Camera Location Point Cloud (Monte Carlo) — harbor webcam showing very tight clustering

Combined comparison: LOO (blue) with wide scatter vs. Monte Carlo (red) with tight clustering

The extreme LOO/Monte Carlo disparity (58–115× more variation) shows high sensitivity to geometric configuration changes. The system is fragile to geometric changes (removing points changes the configuration drastically) but robust to measurement noise (small uniform perturbations don't break the consensus).

Final comparison: urban vs. marine

Metric	NU Webcam (Urban)	Harbor Webcam (Marine)	Winner
LOO Lat Std	0.000197°	0.000650°	NU (3.3× better)
LOO Alt Std	22.21 m	46.32 m	NU (2.1× better)
MC Lat Std	0.000020°	0.000011°	Harbor (1.8× better)
MC Alt Std	1.12 m	1.23 m	NU (slightly better)
MC Focal Std	6.19 px	27.72 px	NU (4.5× better)
LOO/MC Ratio	10–20×	37–75×	NU (much better)
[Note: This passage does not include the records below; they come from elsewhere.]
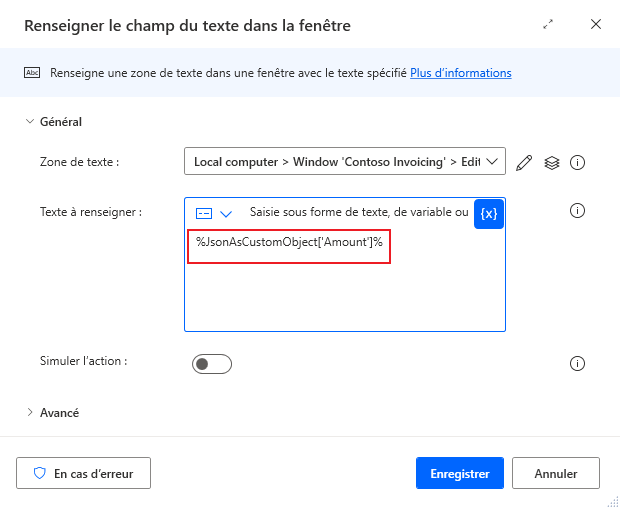 Modifiez les trois étapes Renseigner le champ de texte dans la fenêtre et supprimez la variable d’entrée précédemment utilisée pour remplacer le Texte à renseigner par une valeur du code JSON analysé stocké dans la variable JsonAsCustomObject.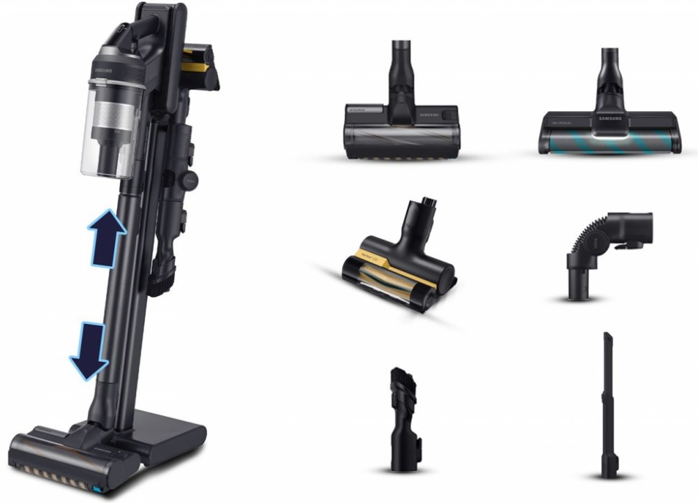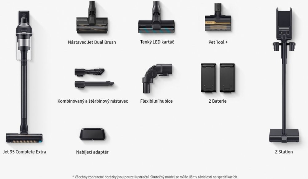 Samsung tyčové 0.8 l 0.8 l teleskopické černé bezsáčkové suché akumulátorové HEPA Jet 95 Complete Extra denní rychlý úklid 86 dB 580 W 2.51 kg 210 W snadné (2.5-4kg nebo lehký síťový) nevhodný (>78dB) zachytí 99,999 % prachu a alergenů speciální pro zvířata (Pet Tool + a turbokartáč) volně stojící nabíjecí stanice Li-Ion 120 min 3.5 hod 2 nízká (bezsáčkový nebo omyvatelné) standardní vyprázdnění nádoby velmi nízké (bezsáčkový) šetrné hubice pro citlivé podlahy kompletní sada: 8+ nástavců standardní ovládání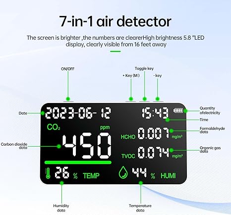 Amazon:$26.91 ($45.33)CIS 7-in-1 Air Quality Monitor, Indoor Humidity Monitor, Temperature, CO2, TVOC, HCHO, Time, Date Display Desktop Air Quality Tester, Air Quality Meters for Home Office Hotel Restaurant School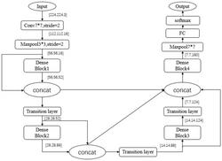 所述分类模块包括:依次连接的卷积层、第一最大池化层、第一密集块、第一过渡层、第二密集块、第二过渡层、第三密集块、第三过渡层、第四密集块、第二最大池化层、全连接层和softmax分类器;还包括:在第二密集块、第三密集块、第四密集块前建立连接,使每一层的输入来自之前所有层的输出;
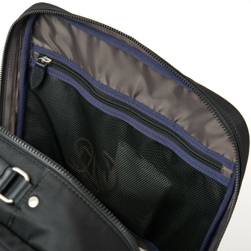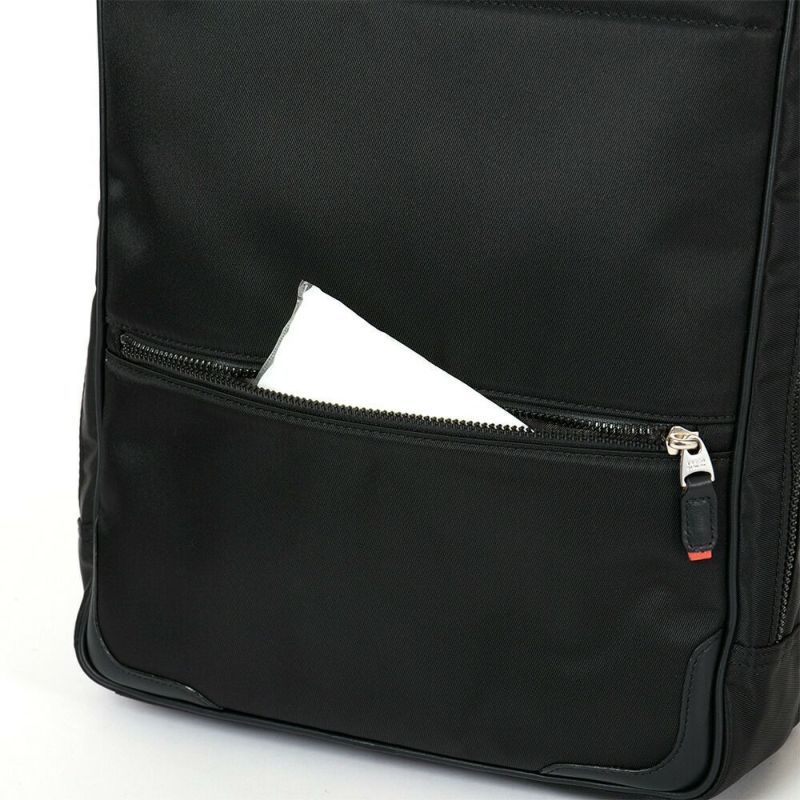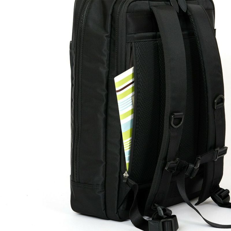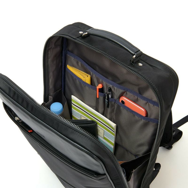 リュックの前面にはファスナーポケットを2つ装備。パスケースやスマホなど、さっと取り出したい荷物の収納におすすめです。背面側のファスナーをあけると、内側がクッション材となっているノートパソコン収納ルームがあります。15.6インチまでのPC収納に対応しています。さらに背中が当たる部分には左右どちらからもアクセスが可能なファスナーポケットがあり、財布など貴重品の収納に便利です。

Urban environments win for geometric stability. Well-defined building corners provide more reliable landmark identification than natural coastal features. The NU webcam shows better overall stability across 4 of 6 metrics.

Both achieve ~1 meter altitude precision under realistic noise. Despite the NU webcam's advantages in LOO stability, both calibrations are robust to measurement uncertainty when all points are present. Monte Carlo alt std is 1.12m (NU) vs. 1.23m (Harbor).

The LOO/MC ratio tells the real story. NU's 10–20× ratio vs. Harbor's 37–75× indicates that marine calibrations are much more fragile to changes in geometric configuration. Coastal features are harder to pin down, and the calibration is correspondingly more dependent on any single point being present and accurate.

The lesson: camera calibration from webcam feeds is surprisingly achievable with enough carefully chosen landmarks, even without access to the camera's manufacturer specs. But the environment matters a lot. When you can't control your landmarks, Monte Carlo analysis tells you how much to trust your estimates.